Turning real-life criminal cases into fictional or documentary series is a new favourite strategy for American TV networks, with Netflix, HBO, FX and CBS all trying their hand at the true crime genre.
Back in December, Netflix electrified social networks and fed numerous debates in the American media with its documentary series Making a Murderer. This factual ten-parter was filmed over the course of 10 years and follows the story of Steven Avery. After spending 18 years in jail for sexual assault and attempted murder, Avery was exonerated by a DNA test. After filing a lawsuit for US$36 million in damages for the legal error, he was arrested two years later on suspicion of murdering another woman, only to be convicted by the same county that found him guilty 20 years before.

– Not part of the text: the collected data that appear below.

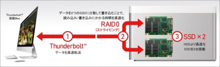 バッファローから、Thunderbolt接続に対応した外付けSSDの新製品「SSD-WAT」シリーズがリリースされた。2台のSSDをストライピング(RAID0)構成で内蔵することで、標準的なUSB3.0 HDDの4.4倍となる763MB/secの高速な転送速度を実現している。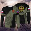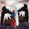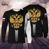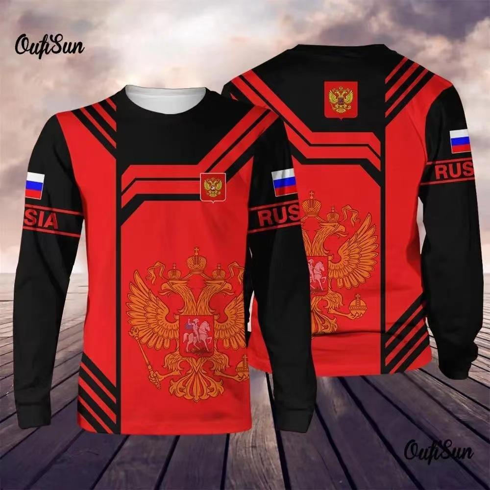 Round Neck 3D Russian Printed Top Casual Long Sleeved Men's T-shirts - Soft Medium Stretch Polyester Fabric Spring and Autumn Relaxed Fit Clothing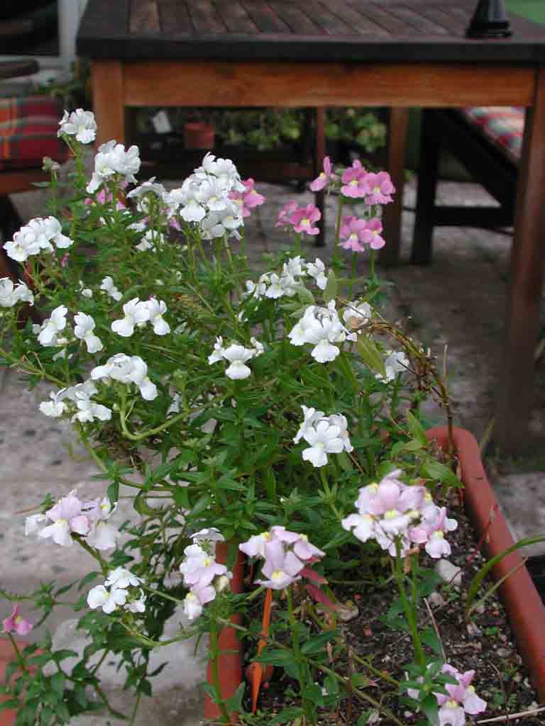 - selbst jetzt im Winter, wie dieses am letzten Wochenende gemachte Bild zeigt. Sie stehen jetzt natürlich im Kalthaus, weil winterhart sind sie nicht, aber das ist wohl der einzige Nachteil. Unsere drei sind alle pastellfarbene "Löwenmäuler", weiß, gelblich und rosa, also nicht die Farbknaller, aber dafür mit einem bei Wärme ausgesprochen starken Duft. Dabei sind sie gesund und auch nicht übermäßig anfällig gegen ungünstiges Wetter.Ich muß mal nachschauen, wie unsere Sorten heissen. Wer hat denn ebenfalls staudige Nemesien in Kultur?;)Ph.

A few months earlier, HBO scored a hit with The Jinx: The Life and Deaths of Robert Durst, a similar show with six episodes. While filming the series, its director Andrew Jarecki managed to obtain a confession of sorts from Robert Durst, suspected for 30 years of murdering his wife, a close friend and a neighbour. Forgetting that his microphone was still on while visiting the bathroom during an interview, Durst inadvertently revealed the truth, admitting to the three murders. This surprise revelation ensured surefire success for The Jinx — especially since Robert Durst was arrested the day before the last episode aired — but it also raised several ethical questions.
Now CBS has a documentary series in the works based on the murder of JonBenet Ramsey, a six-year-old girl who was found dead in her parents' basement in 1996. The case, which stirred strong emotions in America at the time, still remains unsolved, as police were never able to establish enough credible evidence to identify a murderer.

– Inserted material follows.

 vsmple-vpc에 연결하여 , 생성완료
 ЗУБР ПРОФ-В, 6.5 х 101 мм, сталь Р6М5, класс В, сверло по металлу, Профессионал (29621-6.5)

The series will look at the case over a series of episodes, due to air in autumn 2016 on the network, 20 years after events. This latest true crime show comes in a long line of similar productions in a genre that's been popular on the US small screen since 2015.
To avoid any legal issues, other networks have played it safe with fictional reconstructions of true crime cases. John Travolta, Cuba Gooding Jr and David Schwimmer recently starred in the first season of American Crime Story, based on the highly mediatised trial of O.J. Simpson. The series, which aired February 2 to April 5, 2016, on FX, will be back next year with a new case as its focus.
NBC has delved into history for an upcoming fictional series, called Law & Order: True Crime, based on the trial of the Menendez brothers. This fictional drama reenacts a trial that kept America on tenterhooks in the 1990s, as Lyle and Erik Menendez stood accused of murdering their parents.